On 01/09/13 09:41, Andrii Sydorchuk wrote:
> Hi Louis,
[snip]
> The procedure is the following:
> 1) Instead of iterating over Voronoi edges, iterate over all Voronoi
> vertices.
> 2) For each Voronoi vertex check all Voronoi edges incident to it (in
> general case there should be 3 edges).
> For each such edge find the input point or segment located within the cell,
> that the edge belongs to.
> Check if all input object share a common endpoint.
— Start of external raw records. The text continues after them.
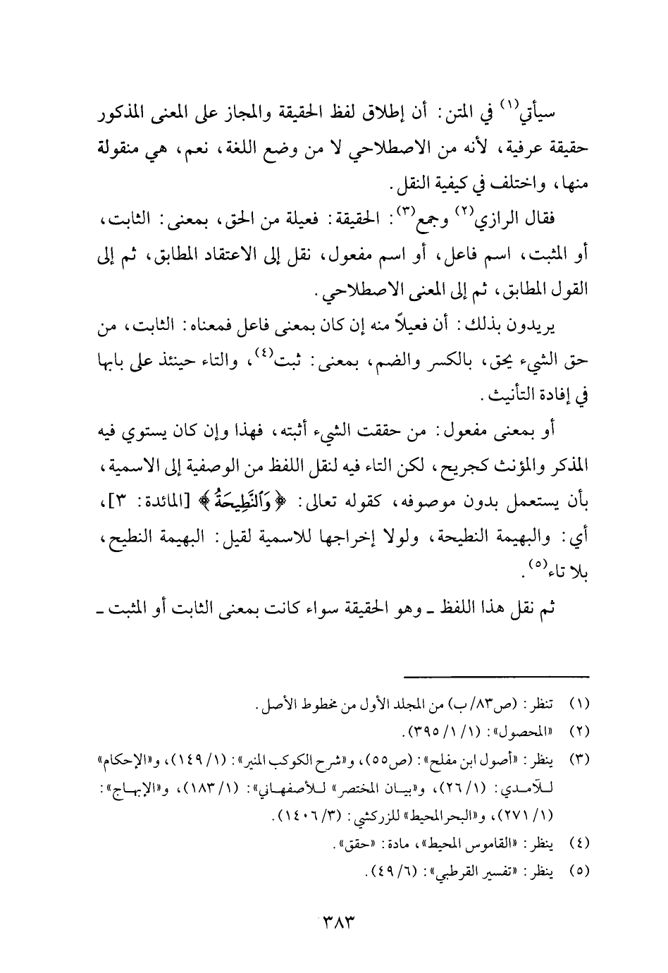 ثمَّ نقل هَذَا اللَّفْظ - وَهُوَ الْحَقِيقَة سَوَاء كَانَت بِمَعْنى الثَّابِت أَو الْمُثبت -
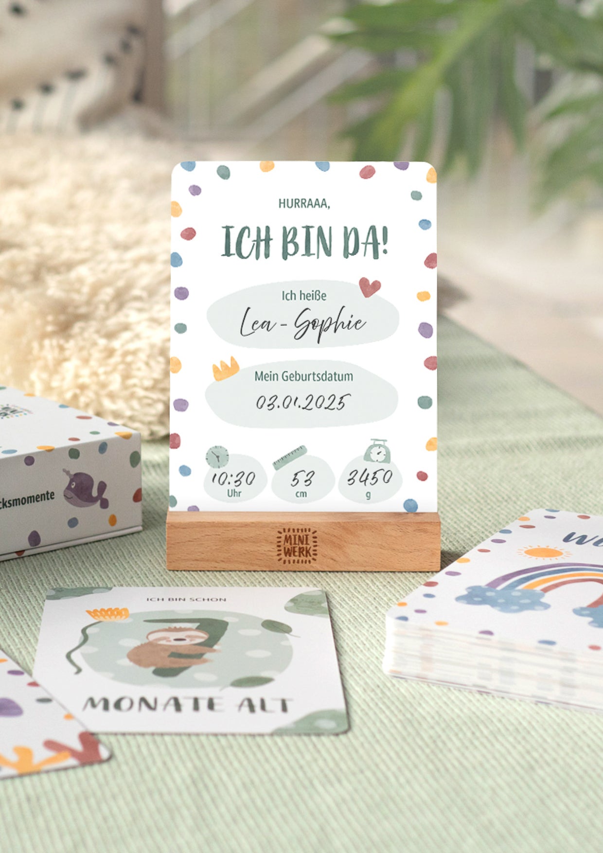 - 60 Baby Meilensteinkarten inklusive Holzsockel und schöner Geschenkeverpackung mit Magnetverschluss
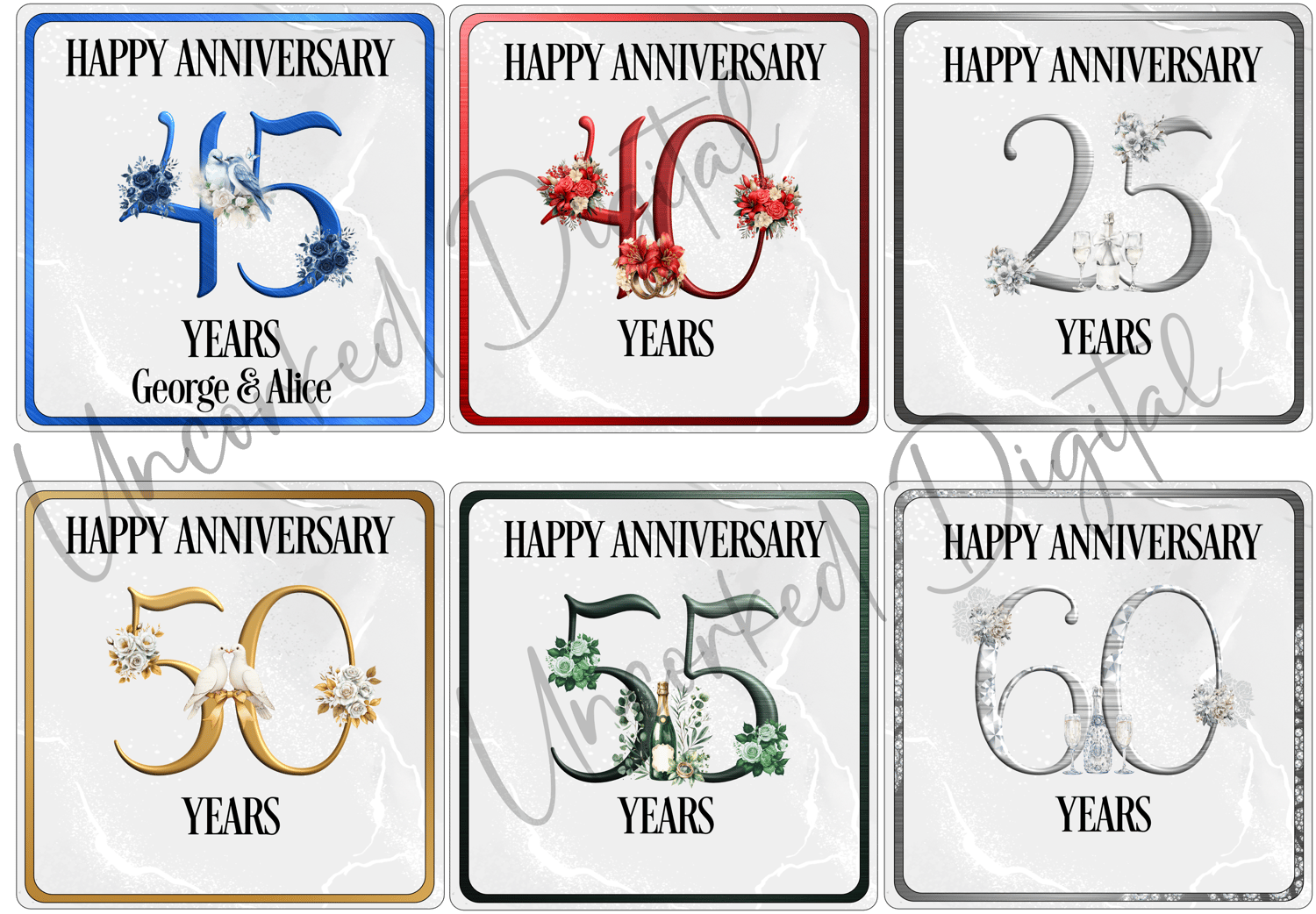 Anniversay 11oz mug wrap and matching 10cm coaster designs

If yes, then the Voronoi
> vertex is located on the boundary, otherwise no.
> You can find more details on how to iterate over incident objects and
> Voronoi diagram topology here:
> http://www.boost.org/doc/libs/1_54_0/libs/polygon/doc/voronoi_diagram.htm
>
Yes, that's better than my idea, as it avoids comparing voronoi co-ords
with user input points, so I don't need an epsilon.
> Let me know if you have more questions.
>
After I've identified and marked the boundary vertices I need to
identify and mark which vertices are outside and which are inside the
shape. The shape is closed, but can have holes e.g. an annulus. I don't
know if the following procedure is correct.
Assume vertices on boundaries have been marked 1 and all others are 0.
(1) Find an unmarked vertex and mark it and all unmarked vertices that
can be reached from it via primary edges with 2.
(2) Keep repeating (1) but mark vertices with 3,4,..., until all
vertices are marked.
(3) That identifies the separate areas, but I don't know which areas are
outside, which are holes and which are inside.
(4) If outside vertices (not in a hole) are always connected to an
infinite vertex then I can use that fact to identify the outside area
(and can deduce the others from that).
So my question is, is each outside vertex connected to an infinite
vertex via primary edges? [1]
Thanks for your help, Louis
[1] I assume inside vertices, and those in a hole, are not connected to
an infinite vertex (via primary edges).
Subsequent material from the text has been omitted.